Temporal-Channel Transformer for 3D Lidar-Based Video Object Detection in Autonomous Driving

Year: Nov 2020
Authors: Zhenxun Yuan, Xiao Song, Lei Bai, Wengang Zhou, Zhe Wang, Wanli Ouyang
Affiliations: The University of Sydney, SenseTime Group Limited, The University of New South Wales, The University of Science and Technology of China

Most current 3D object detection algorithms only model single frame data, ignoring the temporal information of the sequence of data. In this work, the authors propose Temporal-Channel Transformer to model the spatial-pyramid domain and channel domain relationships for video object detecting from Lidar data.

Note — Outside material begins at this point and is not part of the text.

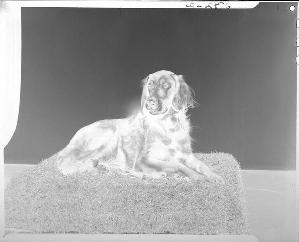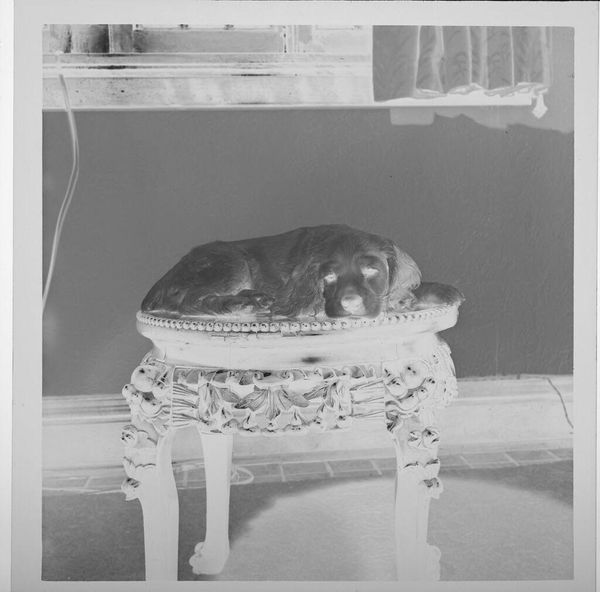 Editor: This is Jack Gould's small, undated photograph, *Untitled (dog seated on table)*. The dog's melancholy pose feels very poignant. What symbols or hidden meanings do you perceive? Curator: The dog, elevated on a decorative table, might symbolize domesticity and loyalty, elevated almost to an idol. Is it a celebration or a critique of that relationship, I wonder? Editor: Hmm, I hadn't considered it as possibly a critique! Thanks for making me think differently. Curator: The power of symbols is their versatility, their ability to be interpreted in myriad ways, changing over time. That is what makes them so compelling.

It has two main components, 1) a data enhancement module that integrates the most relevant information from the context frames to the target frame based on transformer in a voxel-wise manner, 2) a data refinement module that filters out object-irrelevant information based on the gate mechanism.

Experimental results show that Temporal-Channel Transformer achieves the SOTA performance in grid voxel-based 3D object detection on the nuScenes benchmark.

../_images/temporal-channel-transformer-for-video-od-1.png

Method

The raw Lidar data generated at each time step is a sparse and irregular collection of point clouds frame, in which a point is represented as \(\{x, y, z, r\}\), containing 3D space location information \(\{x, y, z\}\) and reflection magnitude \(r\). Denote the raw point clouds frame at time step \(t\) as \(I_t\). This work focuses on detecting objects at \(t\) with a set of continuous frames \(\mathcal{I} = \{I_{t-T}, \dots, I_{t-1}, I_t, T_{t+1}, \dots, I_{t+T}\).